Many of us rely on contact lenses to correct our vision sans the trouble of wearing glasses, and may not think twice about how we toss them out at the end of the day. But according to a recent press release, your daily contact lens use might have a bigger environmental impact than you think — so it’s important to know how to dispose of them safely. Arizona State University researchers convening at the National Meeting & Exposition of the American Chemical Society (ACS) are sharing evidence that tossing our contact lenses down the drain when we’re done with them is contributing to environmental pollution in some surprising ways.
According to Scientific American, Americans flush up to 2.9 billion contact lenses down the drain every year. Scientific American reports that lead study author and ASU doctoral student Charles Rolsky said that while plenty of research examines the negative effects of single-use plastics like fishing gear, plastic straws, and plastic bags, the effects of microplastics — like those from disposable contact lenses — on our soil and waterways are less well-known. Rolsky was quoted as saying in the recent press release that, in order to better grasp the environmental cost of disposable contact lens use, the research team “began looking into the U.S. market and conducted a survey of contact lens wearers.” The team found that 15 to 20 percent of contact wearers in the United States flush their lenses down the drain or toilet at the end of their use, and the environmental costs are adding up.
The New York Times reports that, by making their way into the water supply, the tiny lenses are contributing to environmental pollution — so knowing the best way to throw them out is key. The New York Times further reports that, according to a 2015 study, up to 236,000 metric tons of microplastics were found in ocean water. As these plastics pose a potential threat to seawater-grazing animals, coral, and marine life, it’s clear that making consistent efforts to keep them out of our waters is crucial. Scientific American also notes that not only do plastics from contacts end up in our waterways, where they don’t biodegrade effectively, small fragments can also end up in our soil.
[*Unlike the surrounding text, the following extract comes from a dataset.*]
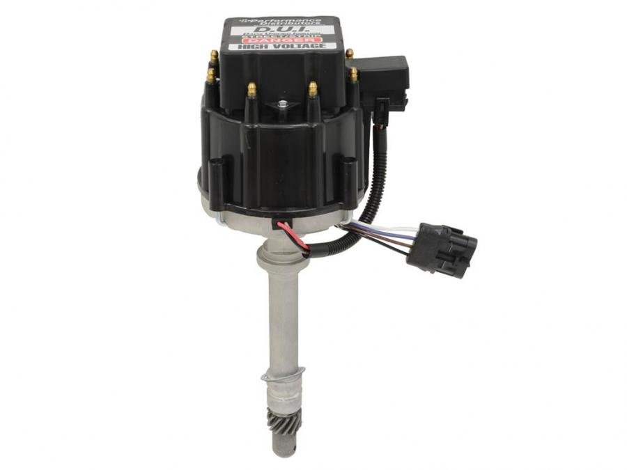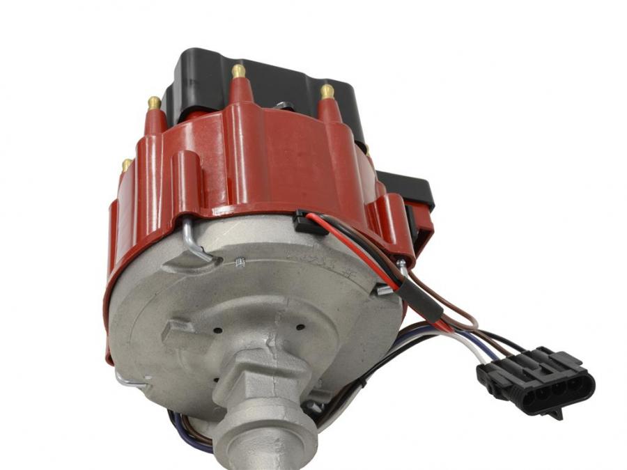 This distributor is available in the one-piece version, with the 7-pin Dyna-Module and 50,000 Volt Street/Strip D.U.I Coil built inside the distributor (1981-1986 Chevy V-8). Both the L-clamp style cape and the screw-down cap style are available.

Luckily, the solution is pretty simple — if you prefer your contacts to glasses and want to keep wearing them, make sure to toss them in the garbage instead of flushing them down the sink or toilet. The New York Times further notes that while current contact lens packaging doesn’t make specific recommendations as to how to best toss them out, this could change soon. And some manufacturers have also started programs to reuse the plastic and recycle contact lens packaging. According to the press release, the study’s authors hope to see updated labeling on contact lens packaging soon, but in the meantime, just make sure to toss them in the kitchen or bathroom garbage bin — and avoid ditching them down the sink or toilet.